Ein Ehepaar, beide über 60, richtet sich neu ein. „Wir sind jetzt in Rente und viel mehr zu Hause“, sagen sie, „da wollen wir es schön haben.“
Zu Hause sein in neuen Möbeln. Ob ich das könnte? Für mich sind Möbel wie lebendige Wesen: Manche sind alte Freunde, andere Neuankömmlinge, und immer entscheiden die alten Freunde, ob der Neuzugang passt. Bei den alten kenne ich jede Macke, bei den neuen schmerzt jede Verletzung. Ich mag die Möbel, weil sie mir Geschichten erzählen. Geschichten von mir selbst und Geschichten von Menschen, die gestorben sind.

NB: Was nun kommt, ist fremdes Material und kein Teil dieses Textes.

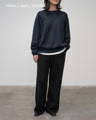 スウェット生地というと目の詰まったコシのあるものから、薄く柔らかいものまでありますが、LIFiLLが目指したのは程よく肉厚で、体の動きに沿う柔らかさを備えたもの。35番手の双糸で表は天竺編み、裏糸をループ状に編み込み、少し浮かせたタオル地のような生地に仕上げました。裏毛のループ部分にボリュームを出すことで空気を含み、ふっくら軽やか。スーピマコットンのカシミヤのようななめらかさにより、生地にほんのりした光沢感ととろみを与えてくれています。スウェットではなかなか見られることのない、上質でクリーンな生地感を楽しんでいただけます。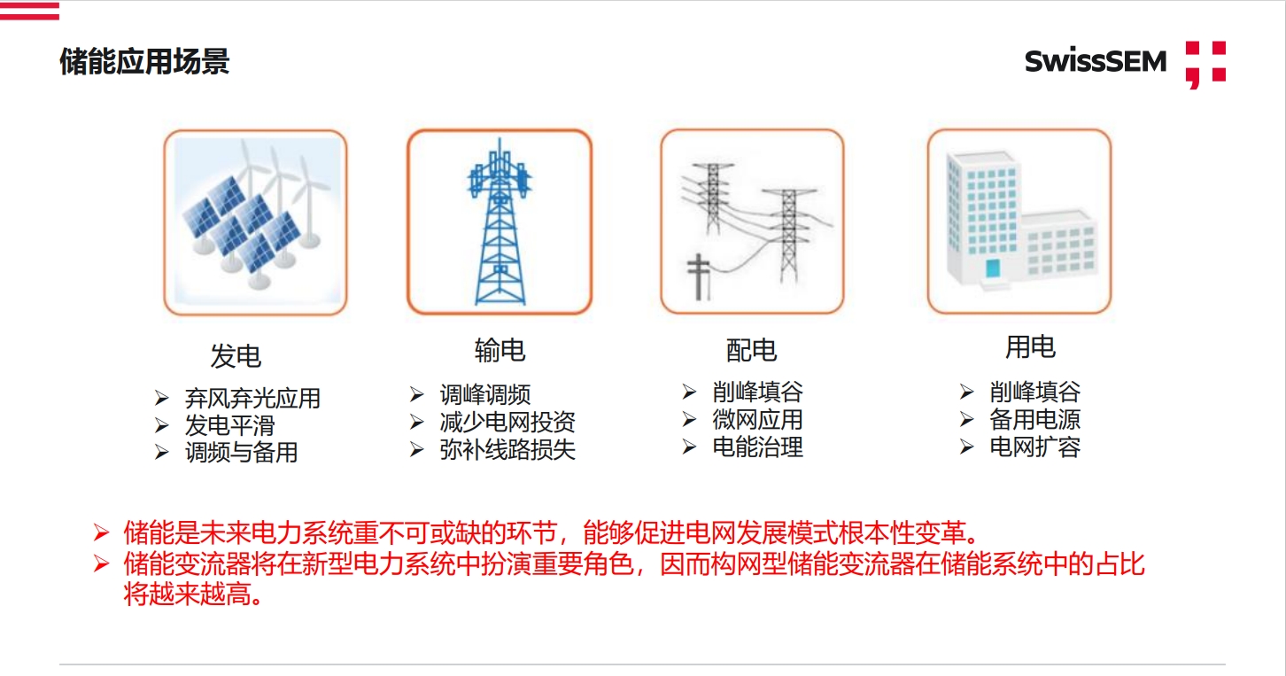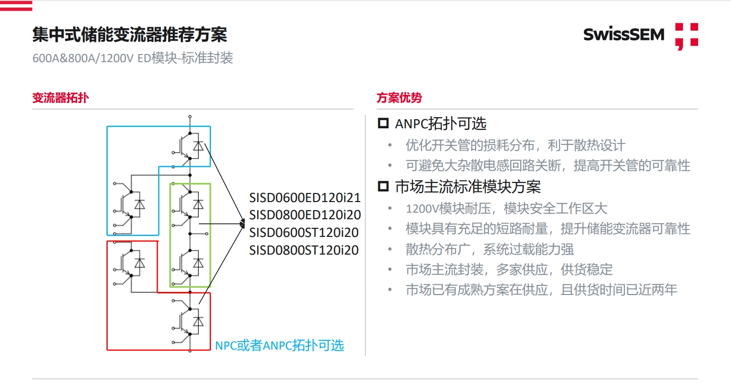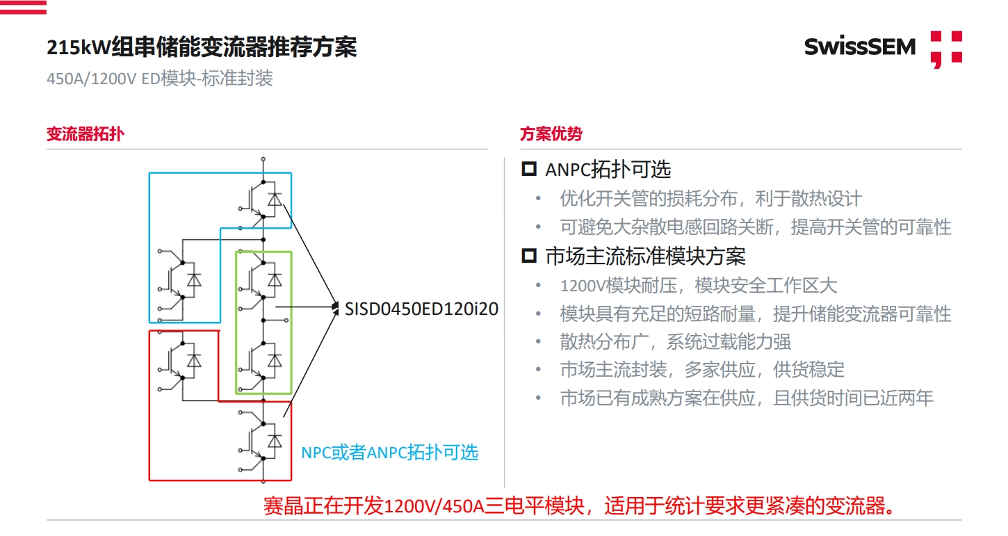 随后重点阐述了赛晶产品在储能变流器中解决方案。针对目前市场上的大功率组串变流器、集中式储能变流器和高压级联储能变流器,赛晶都有相应产品可供选用。同时,赛晶还针对市场的发展,会开发新型封装的功率模块,为客户提供更佳的选择。

Wenn ich mich an unseren Esstisch setze, sind zum Beispiel meine Eltern als stumme Gäste dabei. Ich erinnere mich, wie der Tisch in meinem Elternhaus stand und wir als Familie darum saßen, redeten, aßen, Gesellschaftsspiele spielten. Und ich erinnere mich an den Ausspruch unserer Tochter, die den neuen Tisch ablehnte. Der neue musste in mein Arbeitszimmer, denn „in unser Esszimmer gehört ein runder Tisch und kein anderer“, so ermahnte sie uns.
Heute bedecken Tischdecken die Narben des Tisches: Beim Einbruch zerschrammten Glassplitter das Furnier, ein zu heißer Topf hinterließ Spuren. Trotzdem würde ich mich nicht von diesem Tisch trennen wollen.
Darf man über Gegenstände des täglichen Lebens so denken, dass sie zu Freunden werden? Für mich ist das keine Frage. Der alte Tisch und ähnliche Lebensbegleiter ermöglichen mir – auf sehr alltägliche Weise – mit dem Ganzen in Kontakt zu bleiben. Mit den eigenen Wurzeln und der eigenen Geschichte.
Im Sonntagsgottesdienst mache ich manchmal ähnliche Erfahrungen. Seine Einrichtung, um im Bild zu bleiben, ist mir seit Kindertagen vertraut. Da gibt es feste wiederkehrende Elemente, auf die ich mich verlassen kann. Vertraut sind auch die biblischen Geschichten. Sie werden im Gottesdienst wieder und wieder vor uns hingestellt. In der Hoffnung, dass wir sie in neuen Alltagserfahrungen neu hören.
Manchmal werden auch alte Bilder wach und wirkmächtig: der Weihnachtsbaum von früher, das Vaterunser bei einer Taufe oder am Krankenbett, Beerdigungen. Ganze Lebensbögen werden da geschlagen. Gottesdienst und die Begegnung mit sich selbst schließen sich nicht aus. Im Gegenteil.
Ich denke, es gibt wenige Menschen, in deren innerem Haushalt sich nicht so etwas wie elementare religiöse Möblierung findet. Es kann ein Abenteuer sein, danach zu suchen und – wenigstens gastweise – darin Platz zu nehmen.